Meine Haare waren ekelhaft struppig vom Regen draußen und ich sehnte mich nach einer heißen Dusche. "Was tust du da?", fragte Cassy, als ich ihren Pullover auszog. Diese Handlung hatte nichts Erotisches an sich. Ich küsste sie nicht, befummelte sie nicht. Ich zog sie einfach nur aus. "Mich stört deine Kleidung. Die muss jetzt weg", entgegnete ich leichthin. Cassy kicherte und ich schnippte ihren BH auf. "Stört dich die Hose auch?", fragte sie verspielt. "Natürlich", antwortete ich. "Die stört mich am allermeisten. Die muss jetzt sofort weg!" Cassy lachte kreischend, als ich ihr die Hose auszog. Während sie sich auch noch ihrer Unterhose und Socken entledigte, zog ich mich selbst aus.

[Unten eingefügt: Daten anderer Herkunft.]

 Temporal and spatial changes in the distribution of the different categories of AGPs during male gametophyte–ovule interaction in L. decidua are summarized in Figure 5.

Dann nahm ich sie an der Hand und führte sie ins Badezimmer, wo wir uns gemeinsam unter den heißen Wasserstrahl der Dusche stellten. Es war so angenehm. Wir standen einfach nur da und ich hielt sie im Arm. 

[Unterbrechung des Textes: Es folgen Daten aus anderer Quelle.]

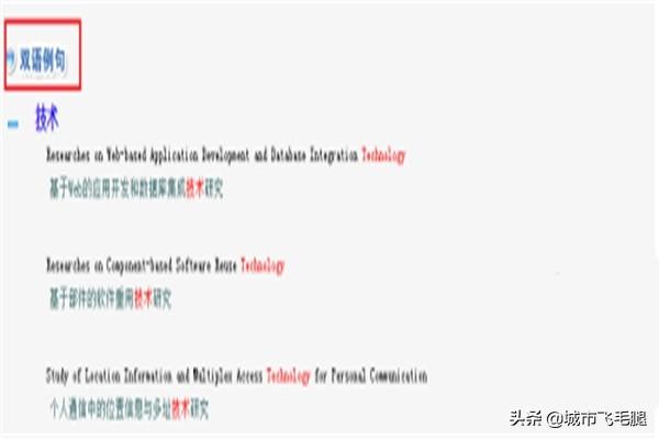 4、举个例子,比如搜索“technology”,通过右侧的“显示更多译词”,可以看到全部的解释,下面还有双语例句,有助于理解,并且还可以查到例句的来源。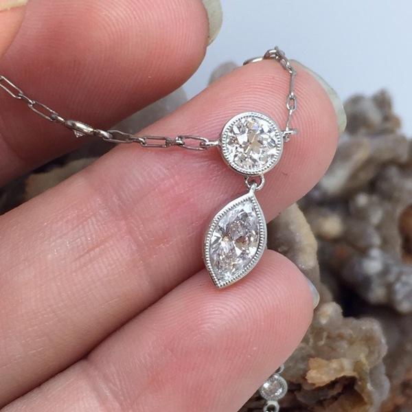 by the yard style link, and 0.65ct H/VS OLD European Cut & 0.79ct GIA F/SI2 (eye clean and very brilliant, no bowtie) lavalier style pendant

Eine halbe Stunde später saßen wir in Bademäntel gehüllt im Wohnzimmer und tranken Tee. Ich hörte das Türschloss klicken und wenige Augenblicke später hatte Stella die Wohnung betreten. "Gut, dass du da bist", sagte ich gleich. "Wir haben ein Problem und brauchen ganz dringend deine Hilfe." Stella sah mich wortlos an. So einen Gesichtsausdruck hatte ich bei ihr noch nie zuvor gesehen. Sie schnaubte missgünstig. "Ja klar! Ihr braucht wieder mal Hilfe. Ihr habt es mal wieder geschafft, die Kacke zum Dampfen zu bringen und ich darf die Lösung für eure Probleme liefern." Cassy und ich sahen sie entsetzt an. Ich wusste nicht, was ich entgegnen sollte. "Sta... Was- ?" Doch sie unterbrach mich: "Ich kann das nicht mehr hören. Cassy hier, Leila da, Probleme überall, Schatz, Zuckerstück. Leck mich doch! Mir reicht's!" 

Mein Atem stockte. Was war bloß mit ihr los? Cassy brachte kein Wort hervor. "Stella...", begann ich, doch sie ließ mich erneut nicht sprechen. "Mir reicht's mit euch. Immer geht's nur um euch und eure unnötig komplizierte Beziehung. Schon mal dran gedacht, dass ich meine eigenen Probleme hab, um die ich mich kümmern muss und die sonst keinen Schwanz interessieren? Dass ich zum Beispiel heute beim Bewerbungsgespräch meine elfte Absage in zwei Wochen bekommen hab? Hat mich eine von euch in den letzten Wochen gefragt, wie's bei mir läuft? Määäp, nein. Also braucht ihr auch nicht von mir zu erwarten, dass ich mich jetzt wieder rührend um euch kümmere. Ihr habt eh schon eure ganze Beziehung mir zu verdanken, jetzt kümmert euch gefälligst auch selbst drum. Stella Ende." Sie wandte uns den Rücken zu und ging in ihr Zimmer. "Und Cassy, du trägst meinen Bademantel!", schrie sie noch.

Wir beide sahen uns schweigend an. Was zur Hölle ging denn da ab?